C'est un revers pour les entreprises de VTC - LeCab, Green Tomato Cars et SuperShuttle -  qui avaient saisi le tribunal de commerce en référé et réclamaient de faire "cesser au plus vite" les activités d'UberPOP. Le tribunal a constaté que les décrets d'application de la loi Thévenoud encadrant l'activité des VTC et taxis n'avaient pas été publiés. "A la date où nous nous prononçons, cette date d'entrée en vigueur n'a pas été fixée", rendant impossible de se prononcer sur le "trouble manifestement illicite" invoqué par les requérants. Le 18 décembre 2014, le parquet a fait appel de la décision du tribunal de commerce.
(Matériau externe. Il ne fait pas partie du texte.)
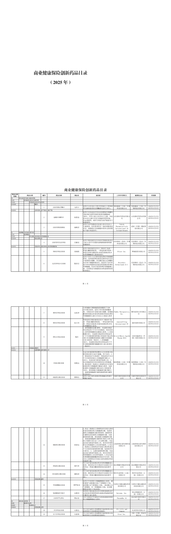 以下为首版商保创新药品目录: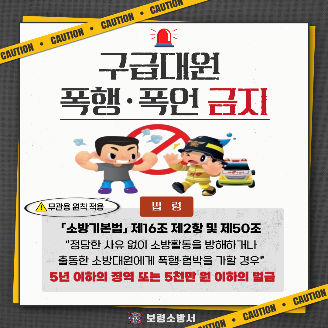 보령소방서(서장 고광종)는 구급대원에 대한 폭언·폭행 행위의 심각성을 알리고 안전한 현장 활동 여건을 조성하기 위해 시민 홍보를 강화하는 한편, 무관용 원칙을 바탕으로 엄정히 대응하겠다고 밝혔다.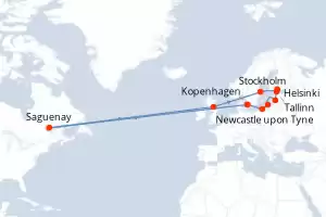 Reiseroute : Kopenhagen, Saguenay, Newcastle upon Tyne, Stockholm, Helsinki, Tallinn, Riga, Klaipeda, Danzig, Kopenhagen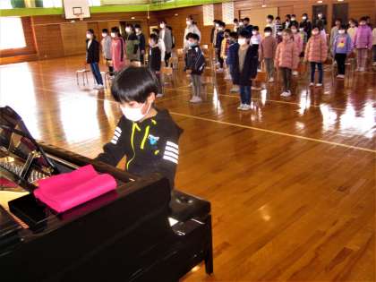 在校生代表として、卒業式の式場に入る5年生。存在感があります。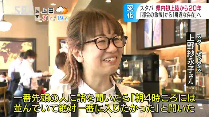 コーヒーチェーンのスターバックス、長野市にオープンした県内1号店が、27日、開店20周年を迎えました。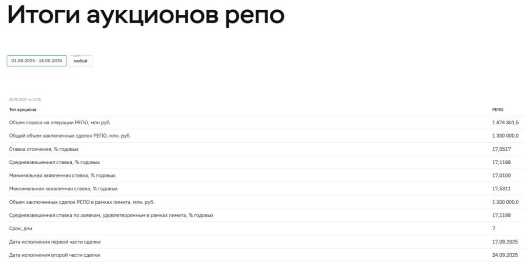 Индекс RGBI падает. Минфин провёл аукцион ОФЗ, предложив инвесторам два выпуска. При его проведении индекс RGBI находился выше 118 пунктов, с учётом меньшего снижения ставки, чем ожидали аналитики и пробуксовки в геополитике, индекс продолжил снижаться — 117,12 пункта: 🔔 По данным Росстата, за период с 9 по 15 сентября ИПЦ составил 0,04% (прошлые недели — 0,10%, -0,08%), с начала месяца 0,13%, с начала года — 4,08% (годовая — 8,10%). В сентябре 2024 г. инфляция составила 0,48%, при сегодняшн...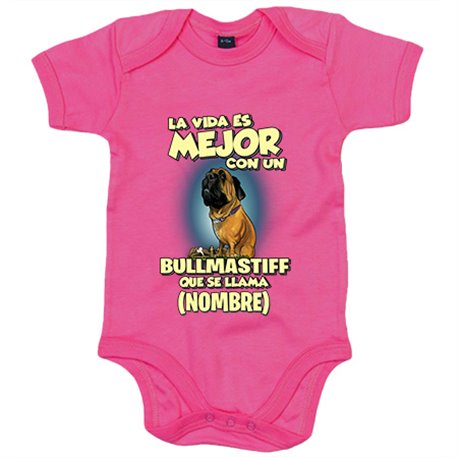 Body bebé la vida es mejor con un perro raza Bullmastiff que se llama personalizable con nombre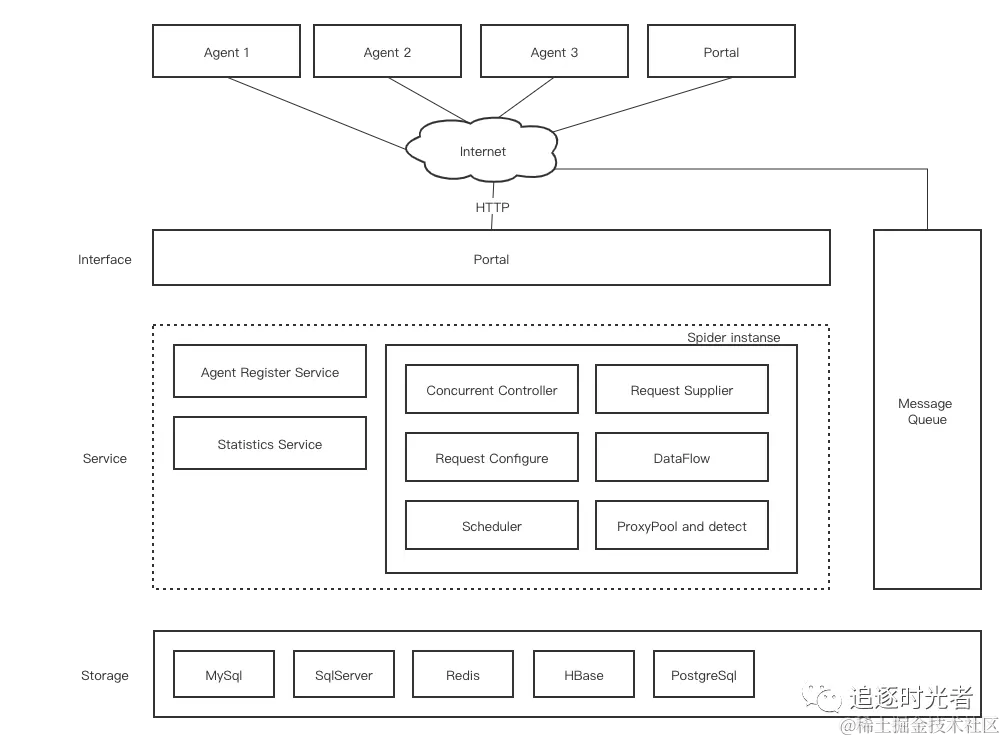 整个爬虫设计是纯异步的,利用消息队列进行各个组件的解耦,若是只需要单机爬虫则不需要做任何额外的配置,默认使用了一个内存型的消息队列;若是想要实现一个纯分布式爬虫,则需要引入一个消息队列即可,后面会详细介绍如何实现一个分布式爬虫。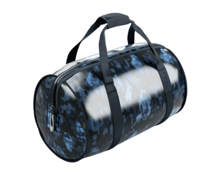 Durable black duffel bag with adjustable straps and multiple pockets for travel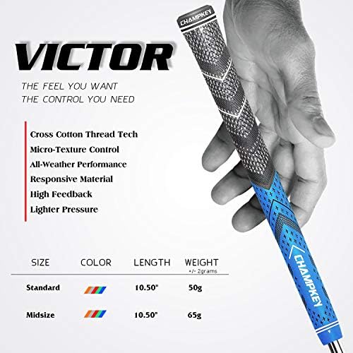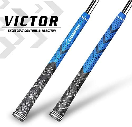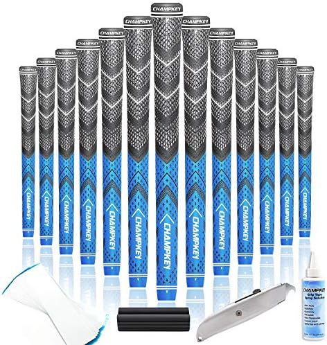 Champkey Victor Hybrid Golf Grips 13 Pack | Come with Solvent,15 Tapes,Vise Clamp and Hook Blade | All Weather Control and High Feedback Golf Club Grips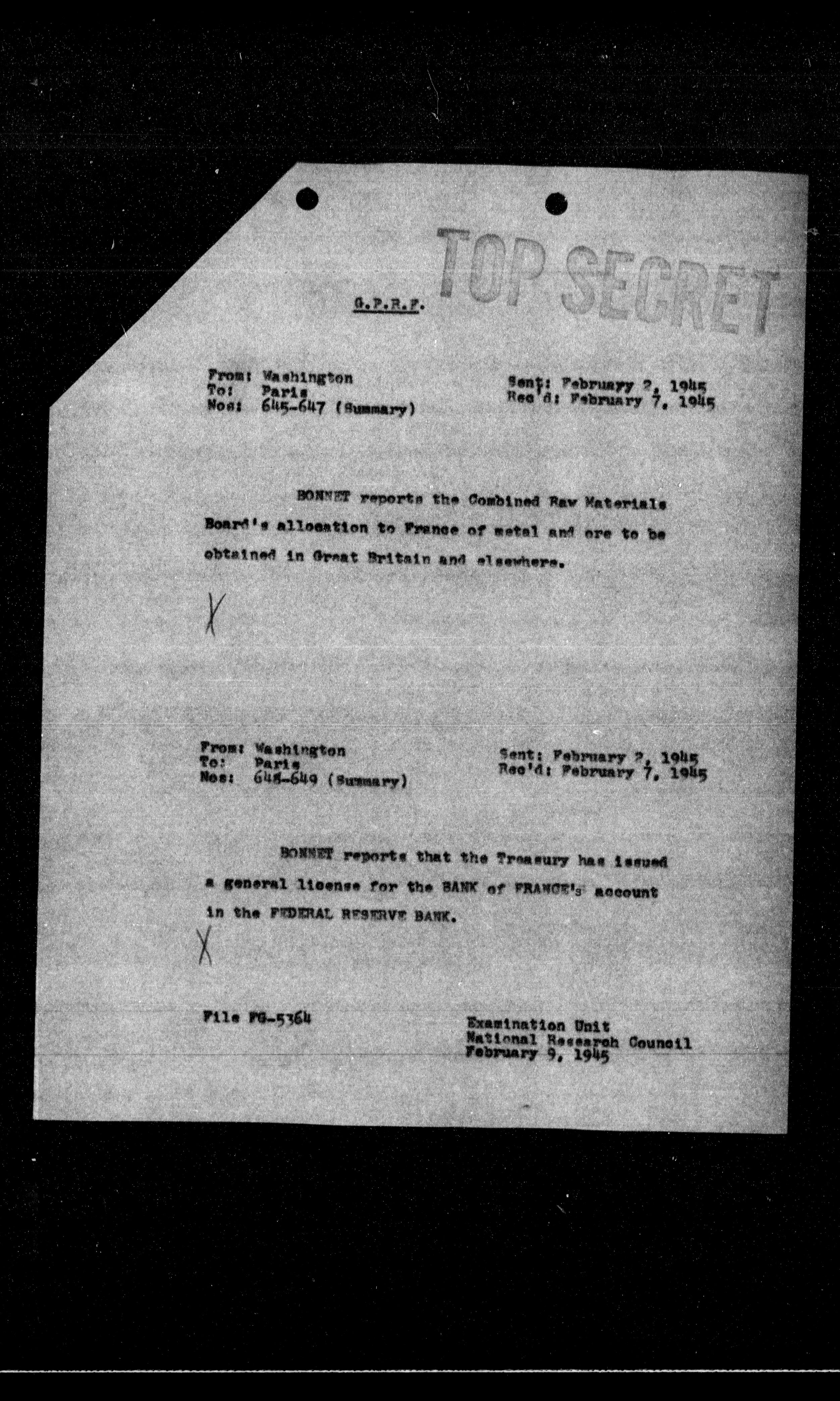 **BONNET reports the Combined Raw Materials Board's allocation to France of metal and ore to be obtained in Great Britain and elsewhere.**

Autre victoire pour Uber, le tribunal a décidé de transmettre à la cour de Cassation deux questions prioritaires de constitutionnalité (QPC) soulevées par l'entreprise américaine au motif que des dispositions de la loi Thévenoud pourraient porter atteinte à la liberté d'entreprendre et au principe d'égalité.

Néanmoins,  le tribunal a estimé que la société communiquait en "termes ambigus" sur la possibilité pour ses chauffeurs de se positionner sur la voie publique, la pratique connue sous le nom de "maraude" et réservée aux taxis. Le juge demande donc aux responsables d'Uber "de retirer de leur support de communication toute mention qui présenterait comme licite le fait de s'arrêter, stationner ou circuler sur la voie publique en attente de client".

La start-up américaine avait été condamnée, mi-octobre 2014, par le tribunal correctionnel de Paris, à 100 000 euros d'amende pour avoir présenté comme du covoiturage, une offre payante de transport de particuliers, UberPOP. La start-up avait fait appel, et continue donc son activité. 

Rappelons qu'à l'étranger, les interdictions se sont multipliées ces dernières semaines : Espagne, Pays-Bas, Inde (suite à une accusation de viol) ou encore Allemagne même si dans ce dernier pays, le tribunal administratif est revenu sur sa décision. Uber est également mis en cause au Danemark, en Norvège et même aux Etats-Unis par la ville de Portland (Oregon).

Malgré la multiplication des procédures, Uber n'effraie pas les investisseurs : la start-up a, récemment, levé 1,2 milliard de dollars - elle est, désormais, valorisée à 40 milliards. Selon la radio nationale chinoise citée par le  journal Le Monde, le géant de l'internet chinois, Baidu, serait également prêt à investir dans Uber. Ainsi, l'entreprise américaine déjà présente dans plus de 200 villes réparties dans 45 pays, pourrait se développer dans la région Asie-Pacifique.